Cézannes Satz gehört zu Nieblichs Lieblingszitaten. Im Lauf der Jahre hat er eine große Sammlung zusammengebracht – starke Sätze, die sich ihm eingeprägt haben. Die besonders Guten schaffen es auf die Tafel vor seinem Atelier, sie sind die „Zitate der Woche“. Die Reaktionen der Passanten seien durchweg positiv, sagt Nieblich. Einige hätten sich von den auf Beton festgehaltenen Gedanken sogar inspirieren lassen. „Probleme kann man niemals mit derselben Denkweise lösen, durch die sie entstanden sind“, lautet eine Weisheit von Albert Einstein. Der Aphorismus hat einer Zahnärztin aus der Nachbarschaft bei der Bewältigung eines kniffligen Falls in ihrer Praxis geholfen, das erzählte sie später dem Künstler.
Passanten bleiben stehen
Im Mittelpunkt seiner künstlerischen Arbeit steht für Nieblich das Buch. Von klein auf sei er mit zahlreichen Büchern aufgewachsen. „Mein Großvater hatte hinter dem Haus sogar eine Buchbinderwerkstatt und eine kleine Druckerei“, erzählt der 65-Jährige. Deshalb haben auch viele der Zitate auf dem Beton das Buch oder das Lesen zum Thema.
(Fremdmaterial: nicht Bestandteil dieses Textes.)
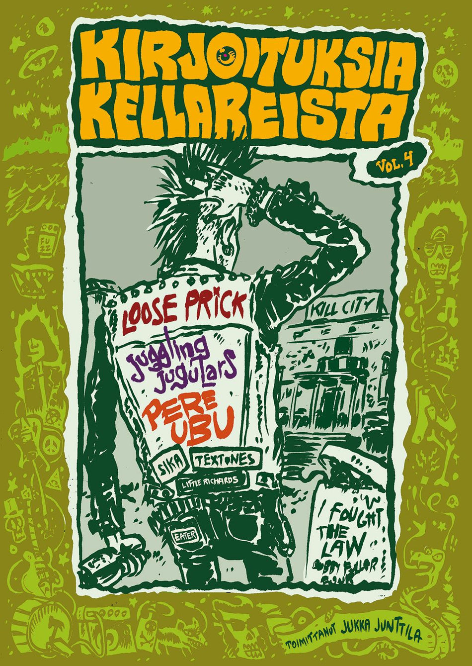 Kirjoituksia Kellareista bookzinen vuoden neljäs numero pitää sisällään mm.: Loose Prickin, Kouvolan sankarien koko tarina, Juggling Jugularsin seikkailut Euroopassa, kulttibändi Pere Ubun historia, Kill City - Stadipunkkien Kotipesä, I fought Crickets - Bobby Fuller Four - Clash, New York Doll, Kikka Laitisen rockuran alku, jne, jne. Tuhti rockin lukupaketti!

Seine Kunst auf die Straße zu tragen, war wohl nur eine Frage der Zeit für Nieblich. Im Haus neben seinem Geschäft hat der Künstler sein Atelier, daneben seinen Showroom. Er wohnt 50 Meter weiter in die eine, seine Frau 100 Meter in die andere Richtung. „Das hier ist mein Kiez, und ich komme immer wieder hierhin zurück“ sagt Nieblich. 1982 ist der Künstler in diese Räume gezogen, kurz nachdem die DDR ihn des Landes verwiesen hatte. Karikaturen hat er damals gezeichnet. Herumexperimentiert. Inzwischen lebt er seit 40 Jahren von der Kunst und kann, nach eigener Aussage, machen was er will. Trotz seines Erfolges ist er immer in Berlin geblieben. West-Berlin, um genau zu sein. Denn die östlichen Bezirke meidet der Künstler, so gut er kann. Er sei da „biografisch geschädigt“, sagt er.
Bis zu zehn Leute kommen täglich in das Atelier des Künstlers und gratulieren ihm zu seiner Aphorismen-Idee. Auf den Zuspruch hat der Künstler mit einem kleinen Buch reagiert. „Auf Beton“ heißt der Band, in dem Fotos der Kunstwerke zu sehen sind. Manche mit, andere ohne Leser. Der Band trägt die Nummer 321 in der großen Sammlung von Nieblichs Werken – wie die meisten seiner Geschwister ist das Buch Kind einer spontanen Eingebung. Passanten bleiben stehen, bücken sich und machen Fotos mit ihren Smartphones oder Digitalkameras. Via Facebook und Twitter reisen die Sprüche auf den Klötzen derzeit durchs Internet.
Auch die Tiefbau-Firma Brechtel, die die Baustelle betreibt und die meterlangen Rohre über den Fußweg leitet, ist vom Projekt des Künstlers begeistert. „Wir haben immer wieder Anfragen von Künstlern, unsere Baustellen für Installationen zu nutzen“, sagt Ralph Schuster. Doch aus den allermeisten Projekten werde nichts. Der Diplom-Ingenieur besuchte das Street Art Projekt Nieblichs und war überzeugt. Er bestellte 50 Exemplare der demnächst in Nieblichs Verlag PalmArt erscheinenden Dokumentation des Street-Art-Projekts.
Brechtel will die Zitate auch nach Abbau der Geräte an den Blöcken belassen und zu künftigen Baustellen mitnehmen. Nieblichs Kunst wird also bald nicht nur an der Pfalzburger Straße, sondern auch an anderen Baustellen in der Stadt zu sehen sein.